“No, I mean,yes. I am tired, but if you wanted to stay ... it’s kind of boring laying around without anything to do. I’m not allowed screen time, and I’m not allowed to read, so ...” She shrugged limply.
I had work to do. Two men to find and, hopefully, kill.
What I did not have time for was caving to the whims of a girl with wide brown eyes and hair like silk.
So why was I crossing the room to the bookshelf near the fireplace and picking up the book I knew I’d find on the second shelf?
I lifted the cover to show her as I crossed back to her bedside and pulled up a chair to get comfortable.
“The Divine Comedy,” I said with a raised brow. “Should we refresh your memory about Dante’s fallen angels?”
I knew I was royally fucked the moment she twisted slightly to pull a pillow behind her back and then faced me with a beaming smile that brought out dimples in both cheeks.
‘“Have pity on me,’ unto him I cried, ‘Whiche’er thou art, or shade or real man!’” I began, skipping straight to this line because it occurred to me that it eerily echoed our own meeting.
And how Guinevere made me feel.
Not like the shade of my father I had postured as for half a decade, but like the man I’d once been. It was a dangerous allusion, but one I found myself reluctant to cull even if it was for my own good.
And her own safety.
Chapter Five
Guinevere
Eight days after the incident, I finally woke up feeling good again.
In fact, I woke up and still felt as if I was dreaming.
Light filtered through the sheer curtains and pooled on the white linen bedcovers like liquid gold. Raffa had left the doors open slightly so the faint sounds of city life streamed in, the staccato of Italian conversations and the toy car honk of a Vespa. It was so idyllic I had to pinch myself to make sure I was truly awake.
Stretching the vestiges of sleep from my body, I noted I was still sore and stiff, but not nearly as crippled by the accident as I had been even two days ago. My throat was tender like a healing wound, but I didn’t feel pain when swallowing anymore, and my thoughts were unmuddied.

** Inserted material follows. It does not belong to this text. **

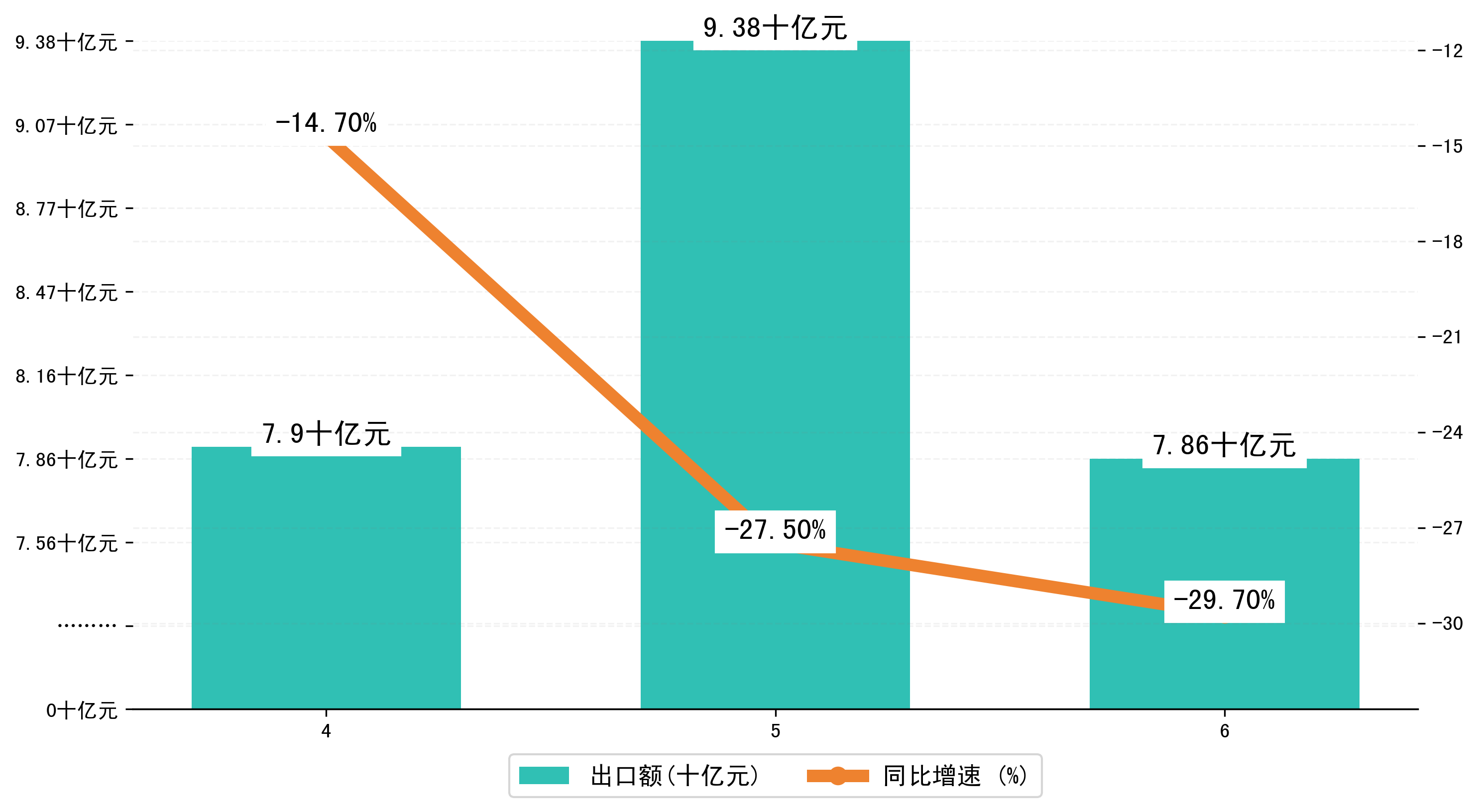 以美元计,2023年1-6月云南省出口额为63,4350.7542万美元,相比上年同期减少了38,0603.5726万美元,同比减少-34.40%。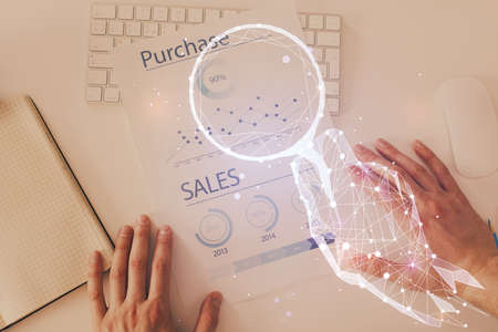 Magnifying glass on top of laptop with customizable space for text or ideas. Copy space.

It was time to get organized and out of Raffa’s space.
There was accepting kindness from a stranger and then exploiting that kindness, and I felt dangerously on the verge of the latter. Raffa had fed me and given me shelter, but he’d also carried me to the bathroom when I was too sick and in pain to walk, read to me from Dante’sInfernobecause I couldn’t entertain myself with a concussion, and even braided my hair.
God.
The feeling of his big hands moving gently over my scalp and hair had been the single most romantic and erotic experience in my life.
Which was depressing, really, but it was one of the many reasons I was on this adventure. To learn about myself in every way, including my sexuality. It embarrassed me a little to be a twenty-three-year-old virgin, but I’d never had time for boys. I was either too sick or working too hard.
Now I was free to fall for anyone I wanted, but of course I had to set my sights on the gorgeous Italian man eleven years my senior and wildly out of my league.
I sighed as I slipped out of bed and wiggled my toes in the plush Aubusson carpet. A full-length ornate gold mirror in the corner of the room showed my skinny legs beneath the tails of Raffa’s borrowed linen shirt. I raised the cuff to my nose to inhale the delicious scent of air-dried laundry and wondered what the material might smell like after a day spent pressed to his skin.
“Concentrate,” I scolded myself as I headed to the bathroom to take care of my morning business.
When I was finished, I tiptoed down the hall to the staircase spiraling up and down to other floors, straining to hear if anyone was awake and inside. A faint clatter of dishware from the first floor had me moving down the stairs, taking in the interior of the palace properly for the first time.
It was magnificent. Like something from a Disney movie. There was even an intricate fresco painted on the ceiling of the main floor that extended from a formal living room through a huge dining room and music room. Artwork I recognized from history books and museums lined the walls, along with some marble statues that had to be authentic antiques. Finally, I found the kitchen and, through two sets of open doors, a huge terrace where Raffa sat at a ceramic-inlaid table, drinking an espresso while he read the local paper.
I took a moment to study him in the rich morning sunlight because it was my first opportunity to really look my fill. And look I did because he was simply too lovely not to admire.
Even though I’d mostly seen him in dismantled businessman finery, he was obviously fit, with the kind of quilted muscles that left seams in his skin I wanted to trail with my fingertips. The sun turned his dark-brown hair to bronze and caught the pale maple of his eyes so they glowed like a predator’s, narrow and intent on something written in the newsprint. Those same big, tanned hands that had braided my hair made my throat dry as I watched them flex, the tendons in his forearms popping as he folded the paper impatiently and dropped it to the table with a dark glare.
For one insane moment, I thought getting chased through a wheat field and hit by a car was worth it to see such a man sitting there, as beautiful as any piece of art I’d ever admired before him.